WHAT TO WORK ON
Within the entries below, output exactly the lines between the line containing "Yes, this Austin" and the line containing "Wave Mohair Knitと同編みでカーディガンを新たに作製。波柄の特徴的な編み方で柄を表現したモヘアニット。", inclusive, and omit any picture.

DATA FOR REVIEW
• • • • • • •
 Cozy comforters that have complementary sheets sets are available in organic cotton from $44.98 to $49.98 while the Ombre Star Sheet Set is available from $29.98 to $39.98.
• • • • • • •
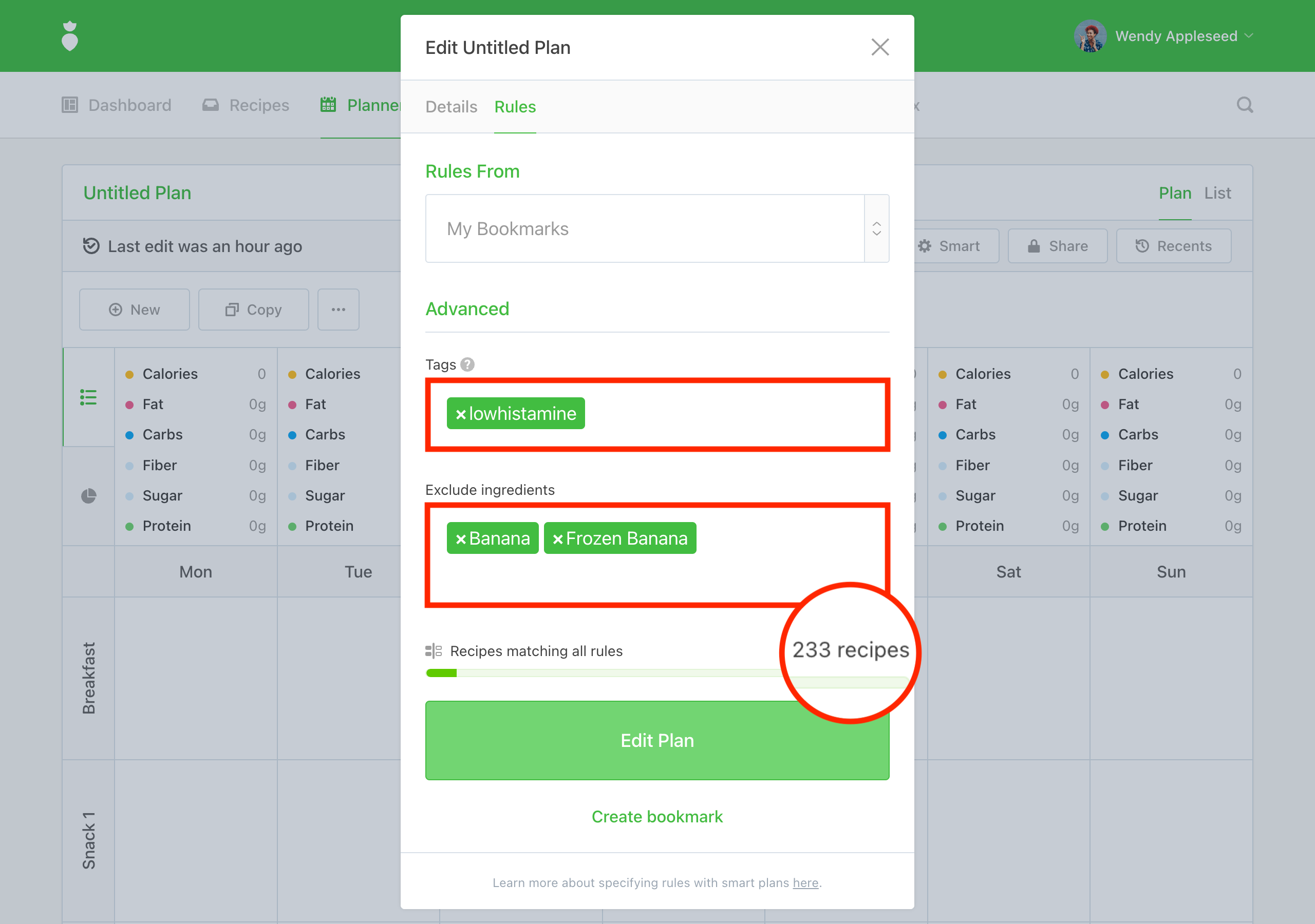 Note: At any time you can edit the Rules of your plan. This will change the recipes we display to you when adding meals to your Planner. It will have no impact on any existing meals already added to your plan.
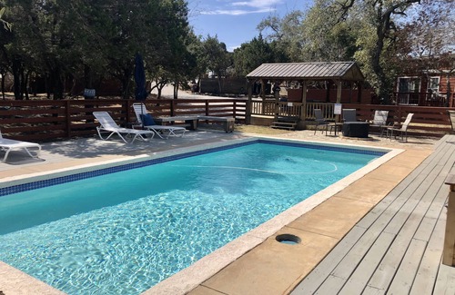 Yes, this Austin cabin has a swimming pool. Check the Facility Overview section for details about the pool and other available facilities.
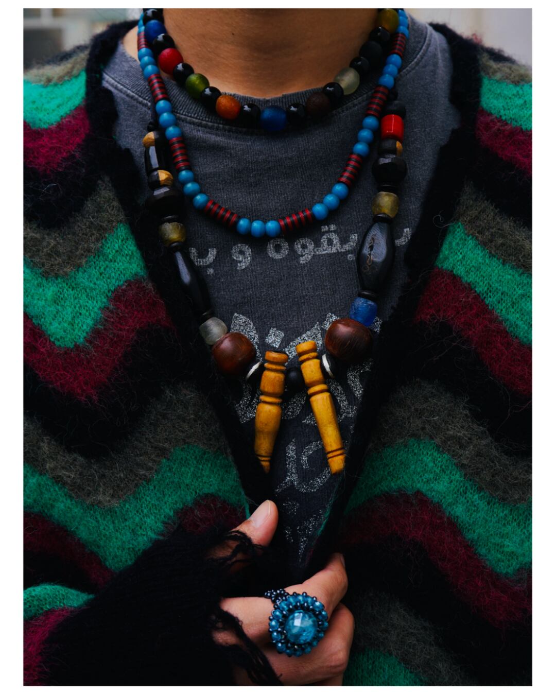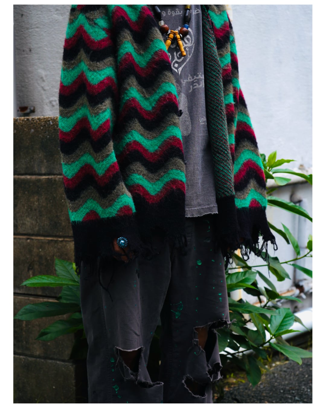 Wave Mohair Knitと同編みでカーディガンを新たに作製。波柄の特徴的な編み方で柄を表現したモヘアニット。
• • • • • • •
EXERCISE RESULT
 Yes, this Austin cabin has a swimming pool. Check the Facility Overview section for details about the pool and other available facilities.
 Wave Mohair Knitと同編みでカーディガンを新たに作製。波柄の特徴的な編み方で柄を表現したモヘアニット。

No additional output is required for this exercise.